A governadora do Ceará, Izolda Cela (sem partido), será secretária executiva do Ministério da Educação (MEC) e atuará como braço direto do titular da pasta, Camilo Santana (PT), repetindo a dobradinha feita no Palácio da Abolição. A decisão final foi tomada após diálogos, nesta terça-feira, 27, em Brasília, com o futuro ministro da Fazenda Fernando Haddad.

Inicialmente, havia a possibilidade de que Izolda chefiasse a secretaria de Educação Básica (SEB). Ao longo das últimas semanas, houve disputa de bastidor sobre a indicação. Cela chegou a ser tida como favorita para a vaga de titular do MEC, mas houve resistência da bancada federal do PT, que insistiu em manter a vaga.

“Informo que a atual governadora do Ceará, Izolda Cela, será secretária-executiva do Ministério da Educação (MEC) em nossa gestão. Trabalharemos juntos para recuperarmos o tempo perdido, sobretudo na educação básica. Com muito diálogo com estados e municípios, e a retomada dos investimentos, tenho convicção de que faremos a educação brasileira voltar a crescer”, escrevei Camilo, nas redes sociais.

Também nas redes sociais, Izolda agradeceu a indicação. “Informo que aceitei, com muita honra, o convite do ministro Camilo Santana para ser secretária-executiva do Ministério da Educação (MEC). Trabalharemos com empenho e compromisso para a melhoria da educação do Brasil. Conhecimento da realidade, prioridades e metas claras são bússola para o serviço. Agradeço ao ministro Camilo e ao presidente Lula pela confiança”, escreveu.
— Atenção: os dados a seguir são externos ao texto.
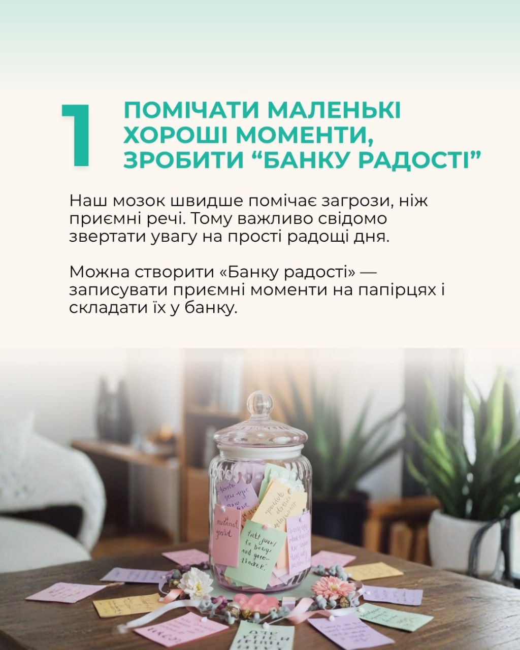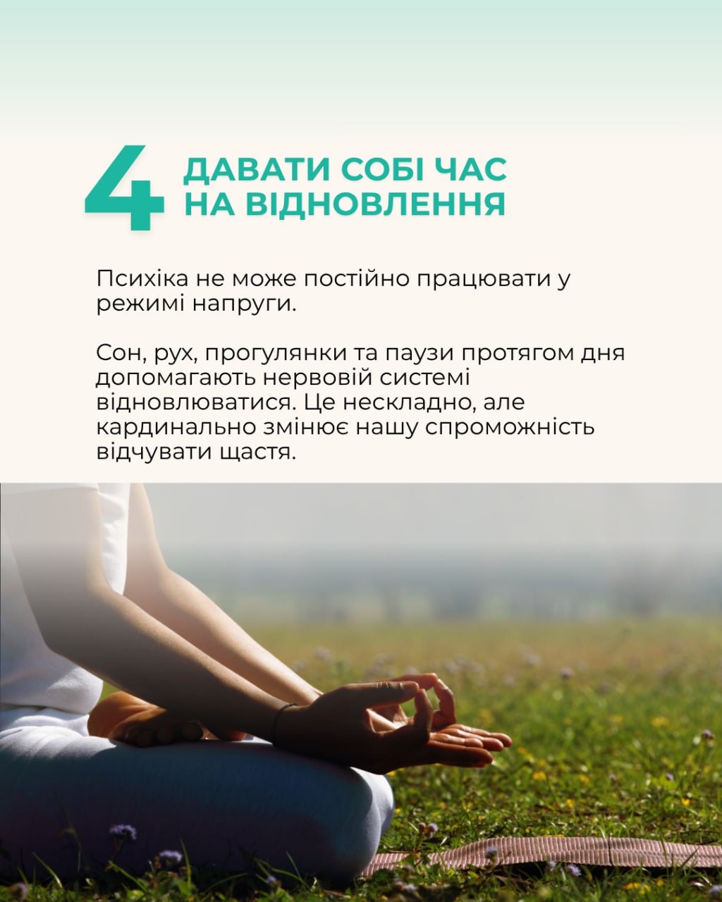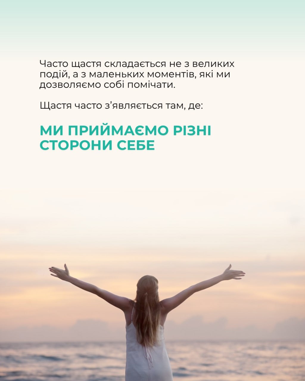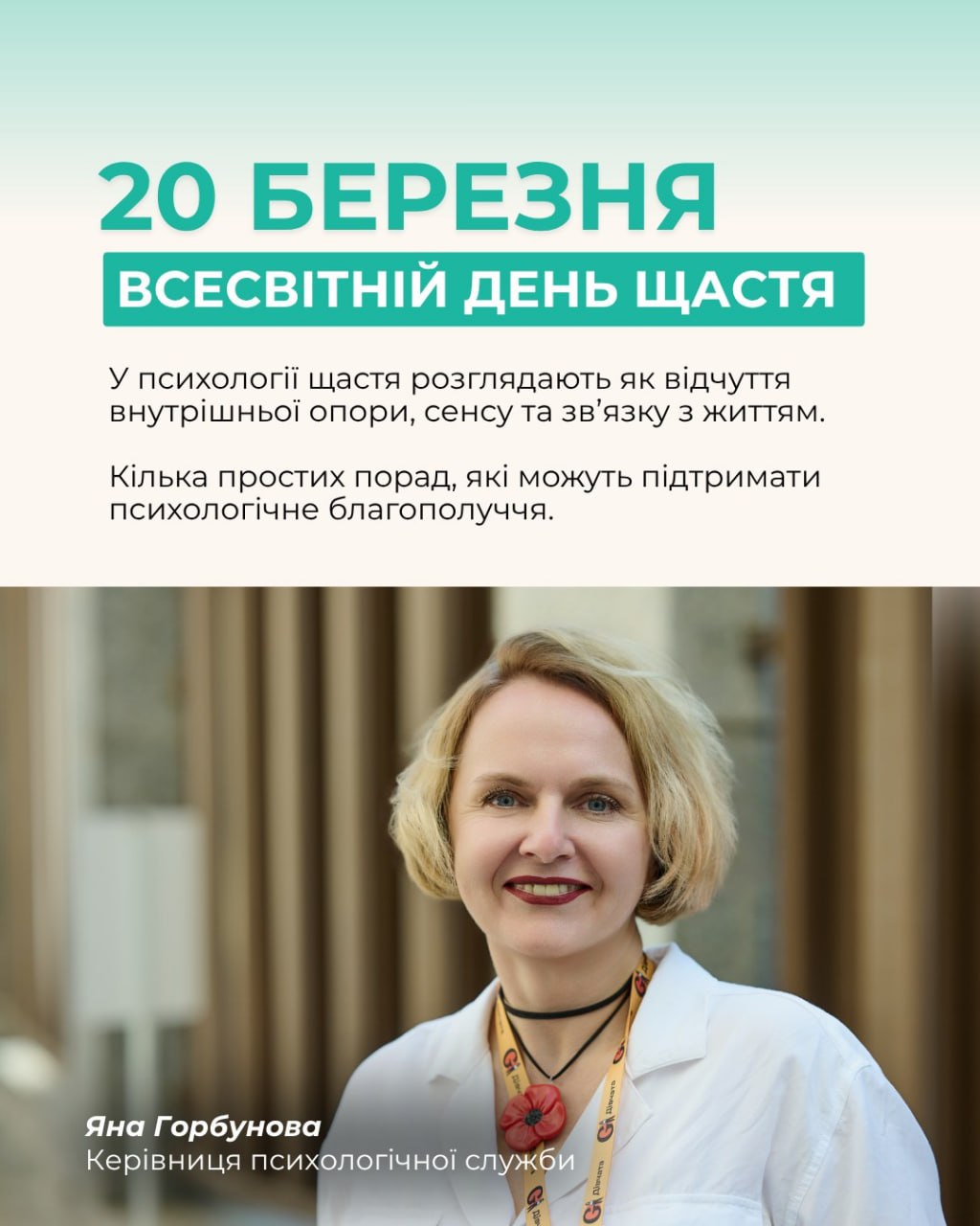 20 березня — Міжнародний день щастя. Сьогодні кожен українець особливо гостро розуміє справжню ціну цього слова. Щастя для нас — це не щось абстрактне. Це ранок без тривог. Це дзвінок від рідних. Це новини, які дають надію. Це обійми, які стали ще ціннішими. Ми навчилися знаходити світло навіть у найтемніші дні. Ми тримаємося, допомагаємо одне одному і не втрачаємо віри. Бажаємо кожному українцю маленьких, але справжніх моментів щастя щодня. Бажаємо сил — не зламатися. Тепла — не охолонути серцем. І головного — миру, який поверне нам можливість жити без страху і будувати своє майбутнє. Ми обов’язково будемо щасливими Ознайомтесь з порадами від психологів.

O senador eleito também articula o nome de outra mulher para cargo de destaque na Educação. Ele teria escolhido a secretária da Fazendo do Ceará, Fernanda Pacobahyba, para chefiar o Fundo Nacional de Desenvolvimento da Educação (FNDE), responsável pela execução dos programas como merenda e livros didáticos. A reportagem tentou contato coma servidora, mas não obteve retorno.

A equipe do presidente eleito Luiz Inácio Lula da Silva articula a criação de um novo MEC, com ajuda de Haddad, que foi por oito anos ministro da Educação dos governos petistas. Agora, Camilo também mantém diálogo com outros ex-integrantes do MEC em governos do PT.